Inside get_best_action
method there are the following lines of code:
qvalues = [self.get_qvalue(state, action) for action in possible_actions]
max_qvalue = max(qvalues)
best_actions = [action for action, qvalue in enumerate(qvalues) if qvalue == max_qvalue]
return random.choice(best_actions)
possible_actions
is a list of numbers, each one being an action from those currently available. The latter means that the list does not always contain all the actions necessarily of course. Later you enumerate
the qvalues
and assume that the index of the current qvalue
is the action
, which is the cause of the bug.
Let's say for example possible_actions
is only actions [0, 3]
. Then we would calculate their q values resulting in a list with two elements, say [q_value_for_action_0, q_value_for_action_3]

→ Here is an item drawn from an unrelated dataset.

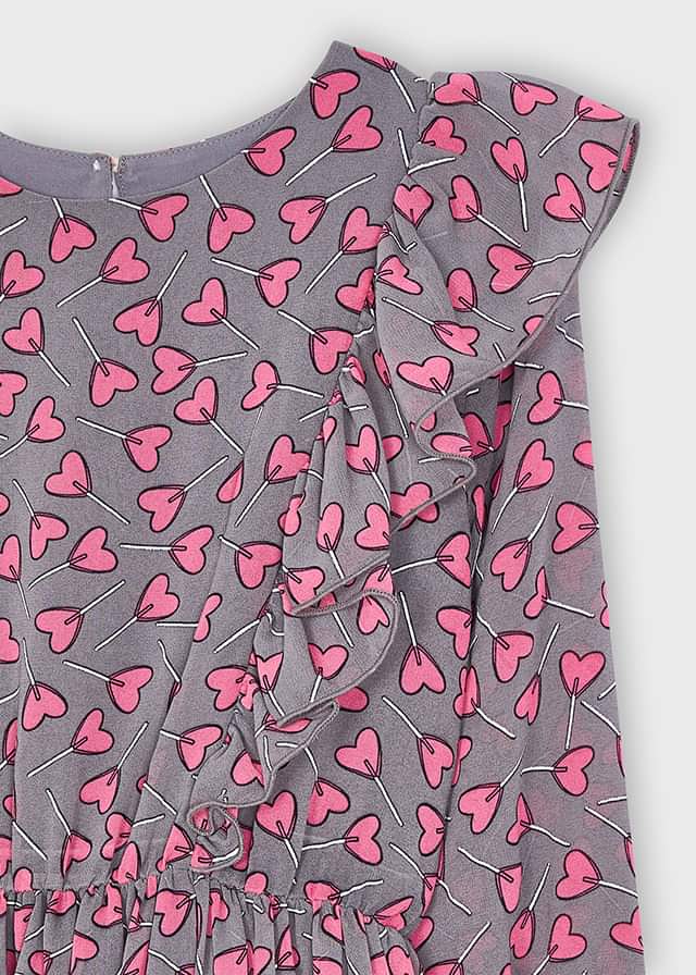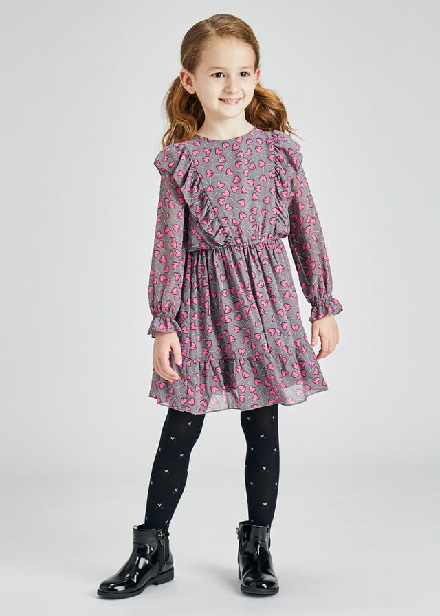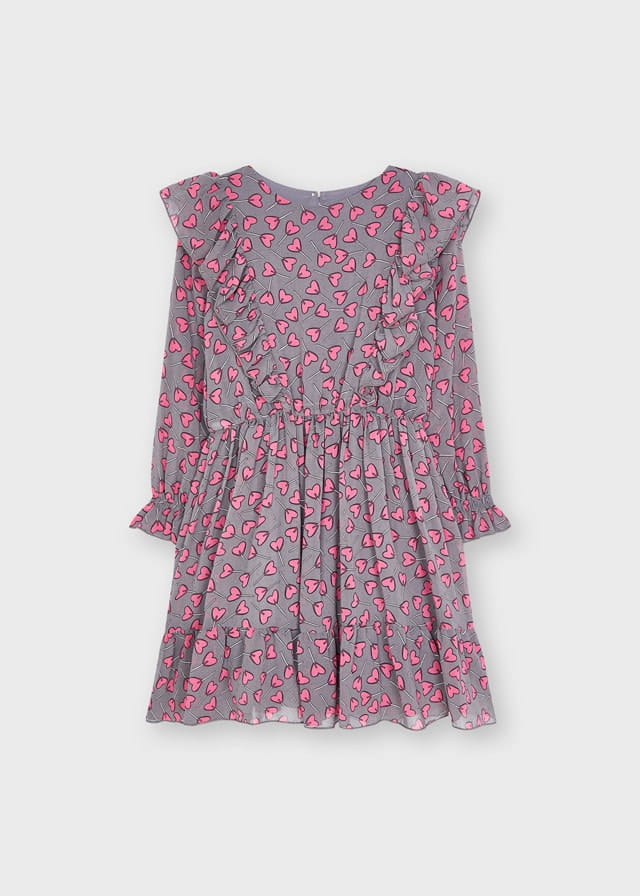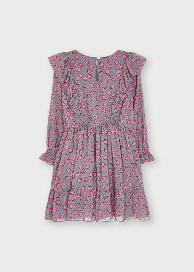 Śliczna sukienka szyfonowa Mayoral dla dziewczynki z nadrukiem serduszek, z lejącej gazy, bardzo lekka i przewiewna. Sukienka z długim rękawem, przy ramionach ozdobiona falbankami, zapinana z tyłu na guziczek.

(I am just giving names to the q values for simplicity). Lastly, upon enumerate
ing the qvalues
we get two pairs in format action, qvalue
, but since we use enumerate
then the action
s will always be 0
, 1
, 2
, etc... But the qvalue
will in this case be q_value_for_action_0
and then q_value_for_action_3
. The problem is that q_value_for_action_3
would be matched against action with index 1
(as per the enumerate
operation), but it is action 3
!
To fix this, just replace enumerate(qvalues)
with zip(possible_actions, qvalues)
inside the method.
When updating the agent (ie inside update
method) you calculate the next action with:
next_action = self.get_action(next_state)
As far as I know, in Q learning, we need here the maximum reward estimate that can be obtained for the next state. If this is true, we must use get_best_action
here instead of just get_action
, since the latter will (at some point) give us a random action, based on epsilon
parameter, and we don't want that, because the randomly chosen action may not be the best one at the same time. Based on epsilon
, sometimes we get the best action indeed, but some other times we get a random action which does not coincide with the best and this messes the calculation following later.
To be honest, I observed improvement by fixing the hidden bug stated initially, but no noticeable improvement was observed by replacing self.get_action(next_state)
with self.get_best_action(next_state)
inside agent's update
method, but I think this is indeed a bug, at least according to my understanding on the topic. Also, it doesn't really seem to me that you are properly implementing Q learning updates, but I will go through it in a later section.
I increased the number of episodes, because 2k was never enough for the player to reach the exit. After fixing the above bugs and setting episodes to 20k I started seeing the player exploring greater portions of the map, with better distribution in visited locations, and actually making it to the exit for about 240 (~1%) of the episodes. At the same time of course I had also configured epsilon_decay
to 0.9998
in order to reach the minimum epsilon
within the first about 15k episodes, since with the original 0.995
it was decaying too fast and I thought this would harm exploration. I also used half of the learning rate (ie alpha = 0.05
) because 0.1
seems a bit too big, taking into account that greater portion of the episodes has now a greater epsilon
(ie more random moves initially).
I understand though that we have to fix bugs first and then go to hyperparameter tuning, so I am not blaming you for anything here of course, I am just saying how I started to observe desired results.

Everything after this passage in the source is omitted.